JAKARTA,CEKLISSATU - Serangan udara Israel terhadap Jalur Gaza selama sepekan terakhir telah menewaskan sedikitnya 11 jurnalis Palestina. Gempuran Israel terus berlanjut setelah sempat dihentikan sementara pada Senin 16 Oktober 2023 waktu setempat.
Dilansir dari Al Arabiya News pada Senin (16/10), informasi ini disampaikan oleh Sindikat Jurnalis Palestina melalui pernyataan yang dirilis pada Senin (16/10) waktu setempat.

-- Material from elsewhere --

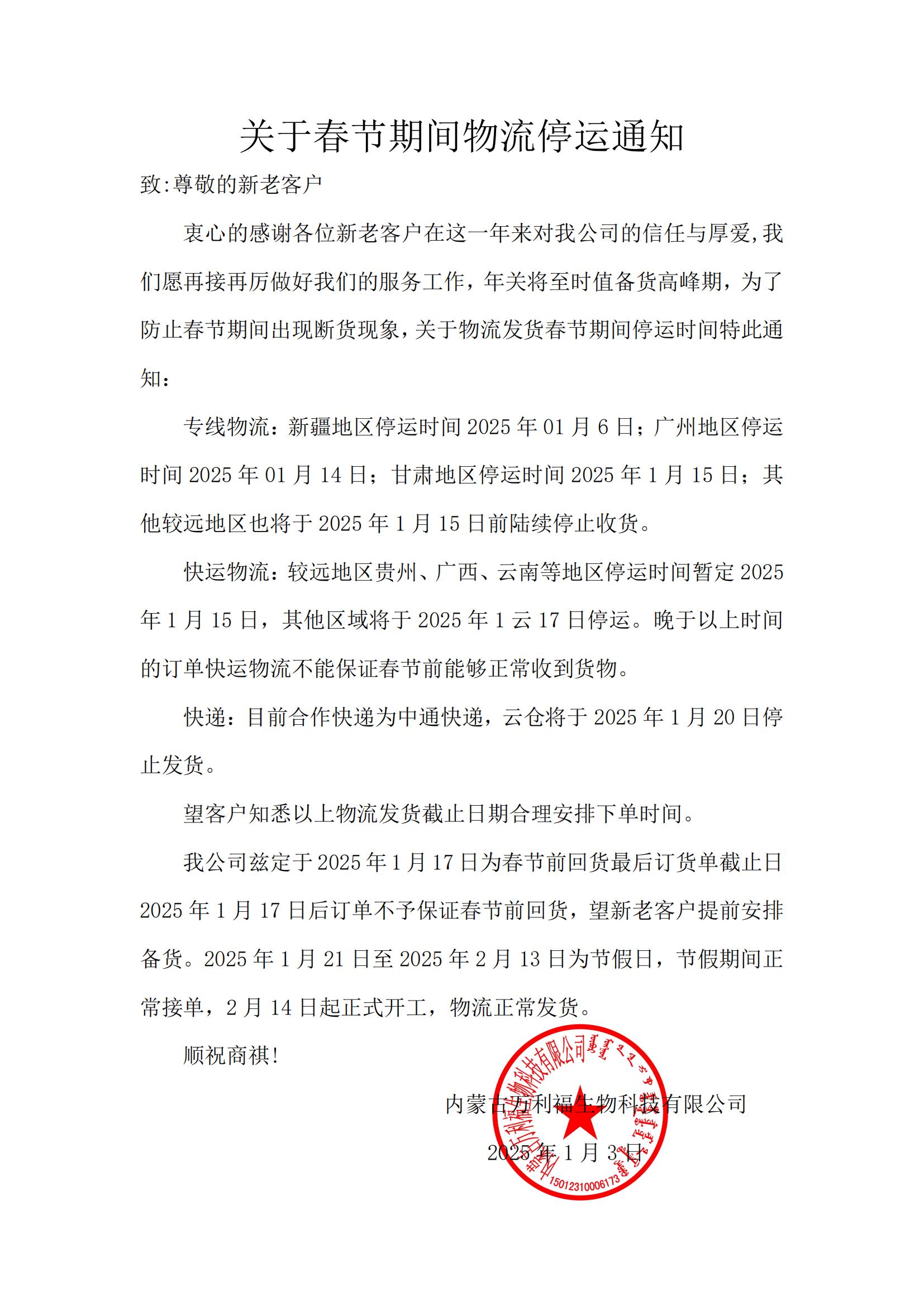 關于春節期間物流停運通知

Namun, rincian lebih lanjut mengenai identitas dan asal media para jurnalis yang menjadi korban serangan udara Israel tersebut tidak dijelaskan.

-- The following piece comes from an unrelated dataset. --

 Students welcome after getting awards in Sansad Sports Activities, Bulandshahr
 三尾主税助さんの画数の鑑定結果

Militer Israel melancarkan serangan ke Jalur Gaza sejak Sabtu (7/10) sebagai balasan terhadap serangan mematikan yang dilakukan oleh Hamas terhadap negara Israel.
Serangan Hamas tersebut mengakibatkan lebih dari 1.400 kematian di kalangan warga Israel, termasuk sejumlah besar warga sipil dan banyak di antaranya merupakan warga negara asing.

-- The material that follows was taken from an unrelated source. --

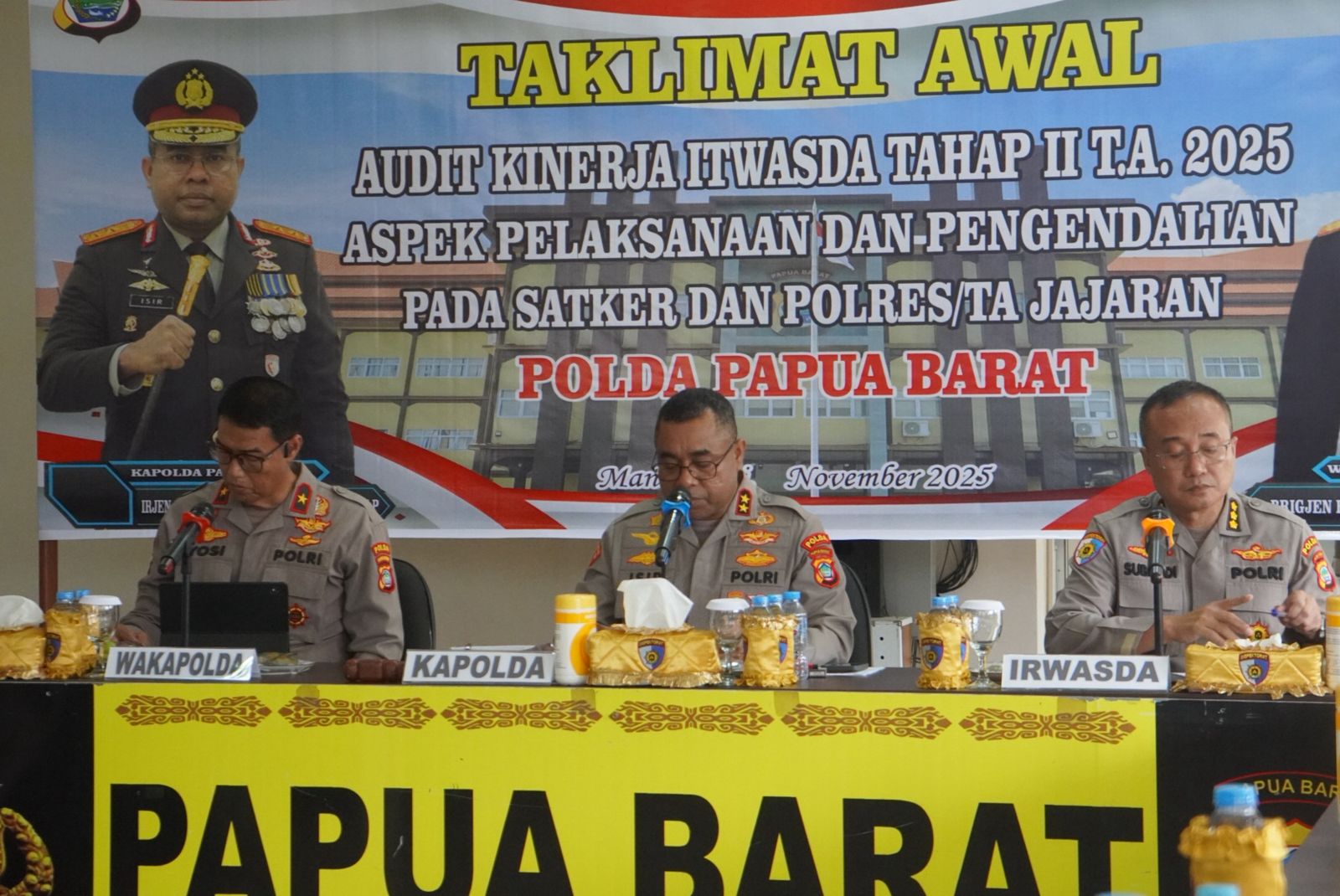 Jerat Fakta | Manokwari– Kapolda Papua Barat memimpin langsung pelaksanaan Taklimat Awal Tahap II Audit Kinerja Itwasda Polda Papua Barat T.A 2025, yang berlangsung di Ruang Vicon Lantai 2 Mapolda Papua Barat, Kamis (6/11/2025) pukul.

Sementara itu, gempuran Israel terhadap Jalur Gaza selama lebih dari sepekan terakhir, menurut Kementerian Kesehatan Palestina, telah menewaskan sedikitnya 2.750 orang, dengan lebih dari 700 di antaranya adalah anak-anak. Sekitar 9.700 orang lainnya mengalami luka-luka.
Koresponden dari Al Arabiya melaporkan bahwa Israel telah melanjutkan serangan udara terhadap Jalur Gaza, setelah menghentikannya sementara pada Senin (16/10) waktu setempat. Saat itu, ada laporan bahwa perlintasan perbatasan Rafa, yang menghubungkan Gaza dan Israel, telah dibuka kembali.
Namun, Israel secara tegas membantah bahwa perlintasan perbatasan tersebut telah dibuka kembali dan menolak laporan tentang adanya gencatan senjata dengan Perserikatan Bangsa-Bangsa (PBB) dan Mesir.
Kesepakatan tersebut diharapkan akan memungkinkan pasokan bantuan kemanusiaan dan evakuasi warga negara asing (WNA) dari Jalur Gaza yang tengah dikepung oleh Israel. Sebelumnya, sumber-sumber keamanan di Mesir telah menyebut bahwa kesepakatan gencatan senjata akan diberlakukan.